§ **The task**:
Retype the line in which "Bar aux brocolis, sauce" appears, then every line after it until the records end. Leave out the pictures.

[Data items]
========

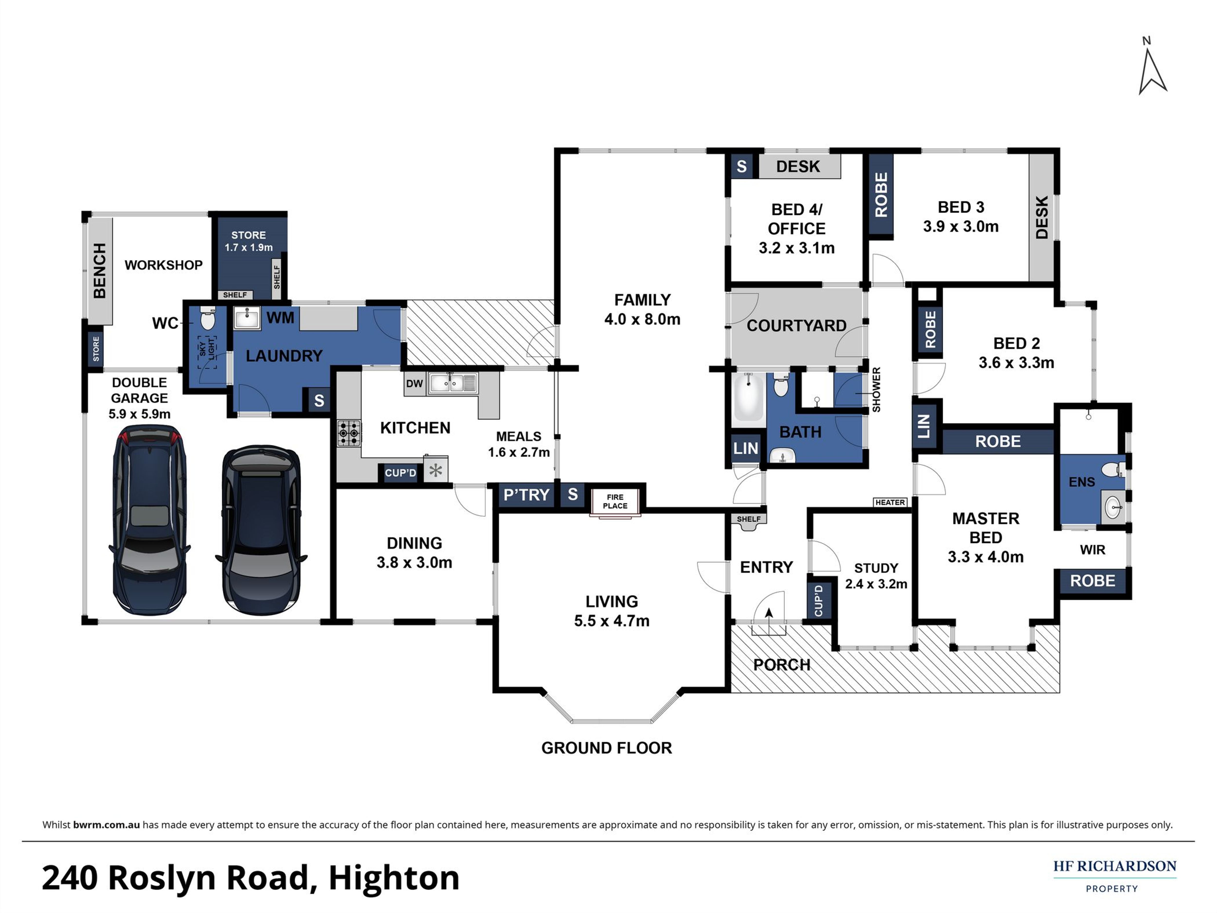 Comprising 4 spacious bedrooms plus separate study (master with WIR, all others with BIRs, bedroom 4/large office), 2 bathrooms (ensuite to master, central family bathroom with separate bath & toilet, and shower room), a gorgeous formal lounge with OFP and bay windows, formal dining, expansive family room at the rear with north-facing garden views, internal courtyard/fernery, a well-designed and functional kitchen with large pantry and good bench space (incl. St George electric stove and oven, Bosch dishwasher), an adjoining meals space, separate laundry & powder room plus internal access to the garage.
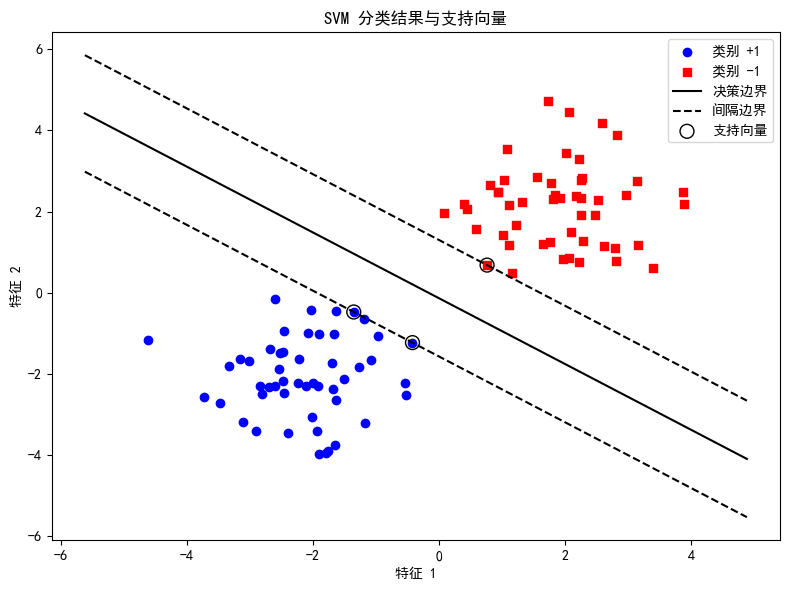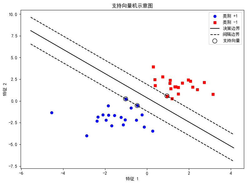 间隔(Margin):分界线到两侧最近样本的距离之和,SVM 目标是最大化这个间隔,以提高模型的泛化能力。
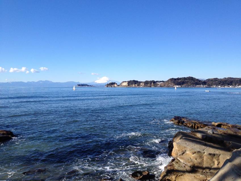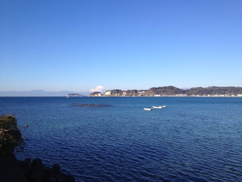 師走も残すところあと僅かとなりました。今年の冬は例年より寒いとの予報ですが、寒い朝の湘南は空気が澄みとおり、ここ逗子からは富士山の見える日が増えました。とりわけこの二日間は日中は風もなく、江ノ島と、その向こうには雪をたっぷりと被った富士山を望むことができました。家族連れが富士山を背景に記念写真を撮っている穏やかな年の瀬です。
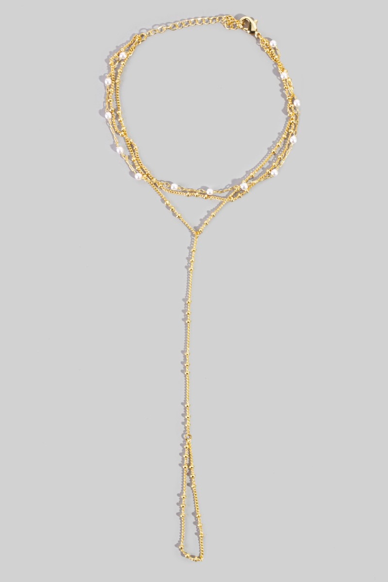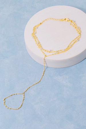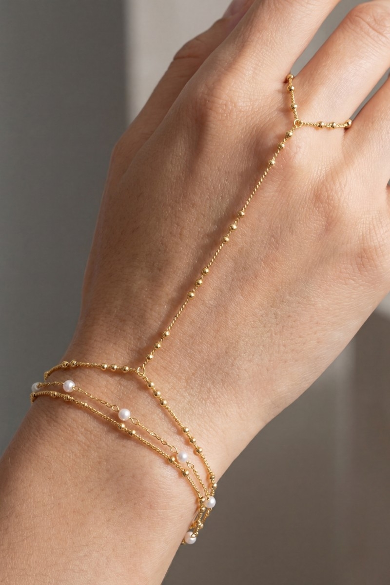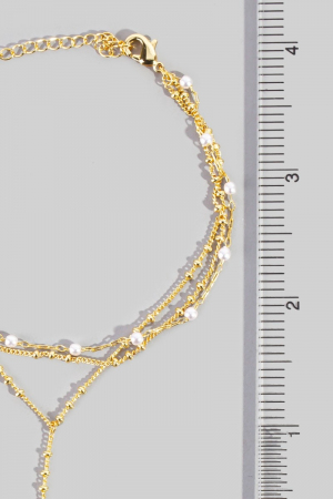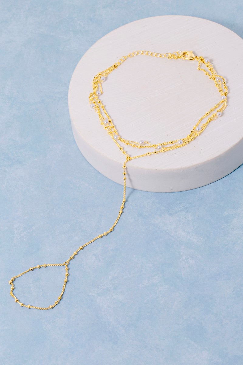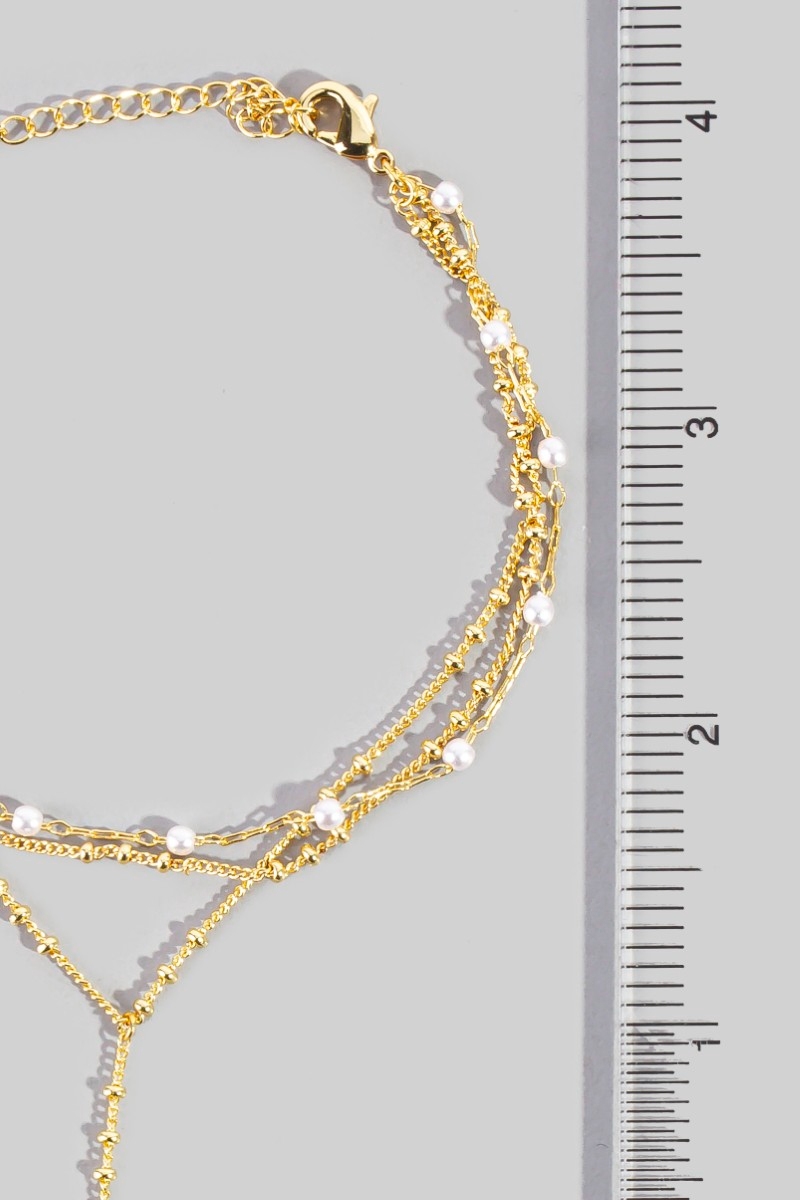 - This bracelet brings a stunning layered chain pearl bead finger style. Unveil a new dimension of sophistication as this bracelet effortlessly enhances the elegance of your ensemble.
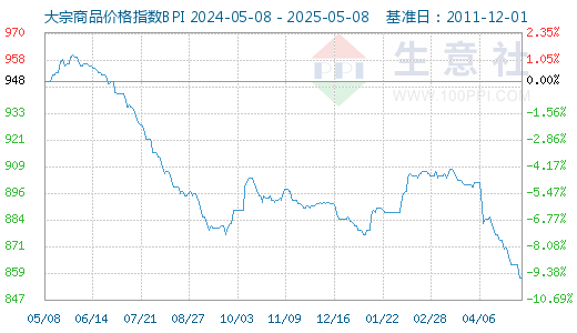 5月8日大宗商品价格指数BPI为857点,与昨日持平,较周期内最高点1343点(2021-10-19)下降了36.19%,较2016年02月03日最低点660点上涨了29.85%。
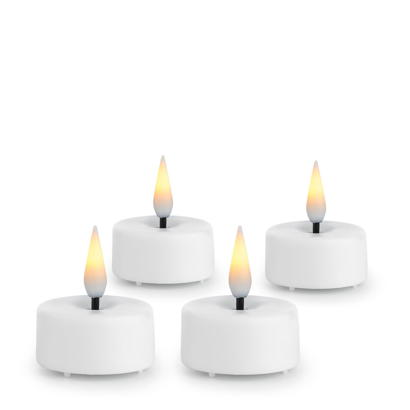 LED tealights, 4-pack, with a lifelike, flickering flame provide the cozy ambiance of real candles—without any risk of fire, soot, or smoke. The candles have a wax-coated surface for an authentic look and fit most tealight holders, lanterns, and decorations.
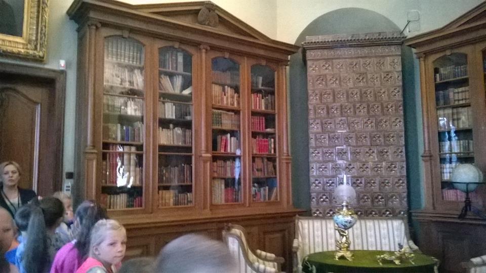Szczególnie zachwyciły Salony Biały i Czerwony oraz biblioteka urządzona w stylu angielskim, z dębowymi, oszklonymi szafami, opatrzonymi herbami Jelita Zamoyskich i Pilawa Potockich. Księgozbiór liczy około 6700 woluminów, w tym 572 starodruki, najstarsze z XVI wieku.
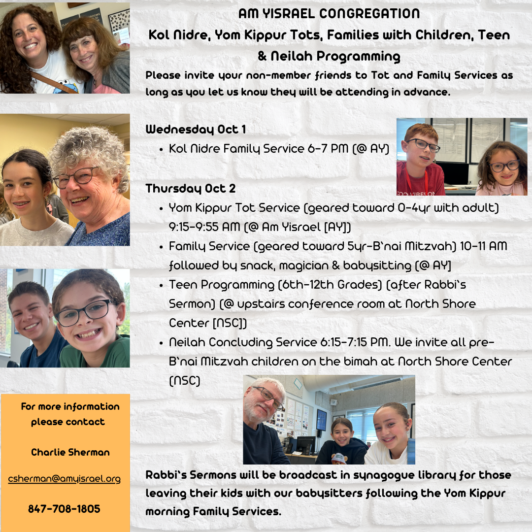 Please RSVP for Family and/or Tot Kol Nidre & Yom Kippur Services so we can plan accordingly.
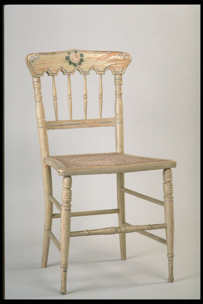 The vase has a circular open mouth with a flat edge on a sloping neck. It has rounded broad shoulders that taper to a narrow circular flat base. It is hand-decorated with a polychrome floral design, striped banding, dot, and zig zag pattern at the foot. It has a reddish-buff colored body with underg...
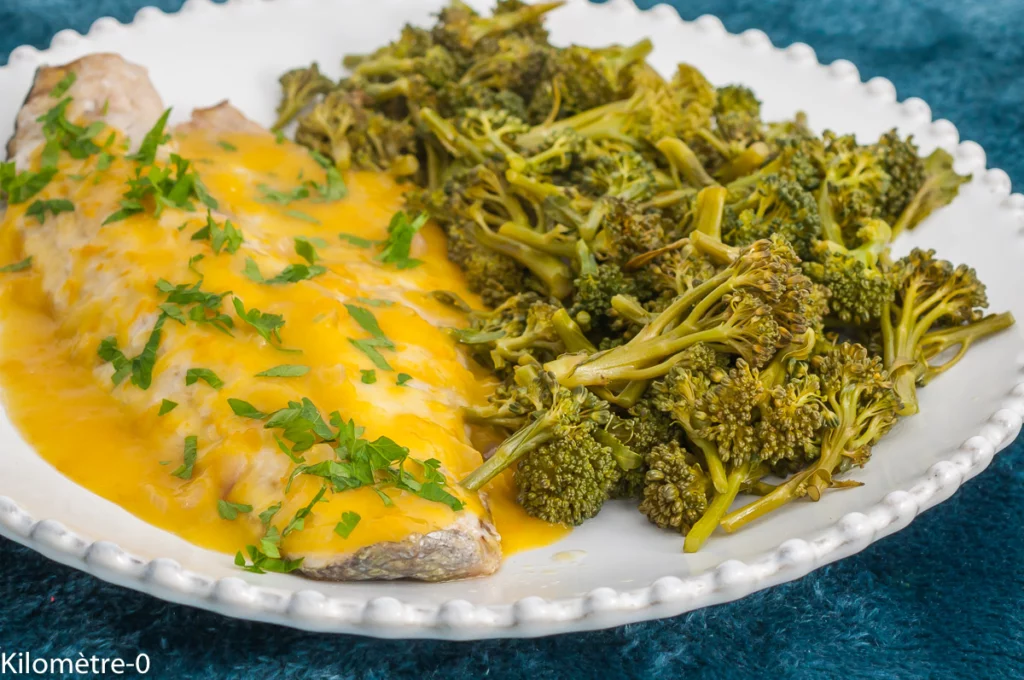 Bar aux brocolis, sauce à l’orange - Recette Kilomètre-0
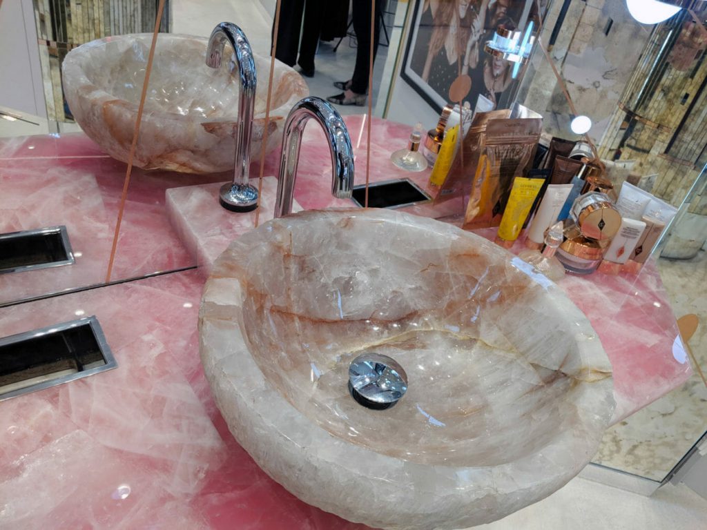 You can also play with skincare products — including dry sheet masks, Goddess Ritual cleansing sets, online exclusives like the Multi Miracle Glow, and more — at the Fountain of Youth, a.k.a. a decadent sink made of pink quartz inspired by Tanit, the Ibizian goddess of femininity and power (fun fact: Tilbury was raised in Ibiza).

========

§ **Exercise answer**:
 Bar aux brocolis, sauce à l’orange - Recette Kilomètre-0
 You can also play with skincare products — including dry sheet masks, Goddess Ritual cleansing sets, online exclusives like the Multi Miracle Glow, and more — at the Fountain of Youth, a.k.a. a decadent sink made of pink quartz inspired by Tanit, the Ibizian goddess of femininity and power (fun fact: Tilbury was raised in Ibiza).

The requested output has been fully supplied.